Tarihte insan, cevher-i ferîdliğini ne zaman hatırladıysa medeniyet yükselmiş; ne zaman unuttuysa çökmüştür.

Endülüs’te ilim ve hikmetle yükselen insan, ahlakî çürüme ile çökmüştür.

Osmanlı, “insan eşref-i mahlûkattır” anlayışıyla hukuk ve medeniyeti birleştirmiştir.

Modern çağda ise insanı sadece biyolojik bir tür olarak gören seküler anlayış, onu makineleştirmiş ve değerini zayıflatmıştır.

Halbuki insan, sadece düşünen değil; kıymet bilen, şükreden, arayan ve sorumlu olan bir varlıktır. İslam’ın insan telakkisi, bu bütüncül bakışı yeniden inşa eder.

Sonuç: İnsan, Kâinatın Hedefidir; Ama Sorumluluğuyla

İnsan, sıradan bir canlı değil; kâinatın hikmet merkezidir. Zerreden güneşe kadar uzanan bu varlık zincirinin maksadı, “insan” ile tezahür eder.

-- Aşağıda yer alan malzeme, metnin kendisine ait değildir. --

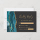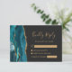 Moderne Aquamarine Gold Agate Dark Wedding RSVP Ca Karte

Ama bu konum, bir imtiyaz değil; büyük bir mesuliyet demektir.

İnsan cevherdir; ama bu cevher, işlenmezse taşlaşır.
Cevher-i ferîd, anlamını bulduğu zaman “abd-i kâmil” olur; bulamazsa esfel-i sâfilîne düşer.

MAKALE ÖZETİ

Bu makalede Bediüzzaman Said Nursî’nin, insanın yaratılış hiyerarşisindeki yeriyle ilgili cümlesi çerçevesinde; zerreden güneşe uzanan kâinatta insanın “merkezî ve eşsiz” konumu anlatılmıştır. “Mahrutî silsile” benzetmesiyle kâinattaki düzenli yaratılış zinciri açıklanmış, insanın bu yapıdaki cevherliğine dikkat çekilmiştir. Bilimsel, tarihi ve ahlaki boyutlarla insanın üstünlüğü, sorumluluğu ve varoluş gayesi bütüncül bir yaklaşımla değerlendirilmiştir.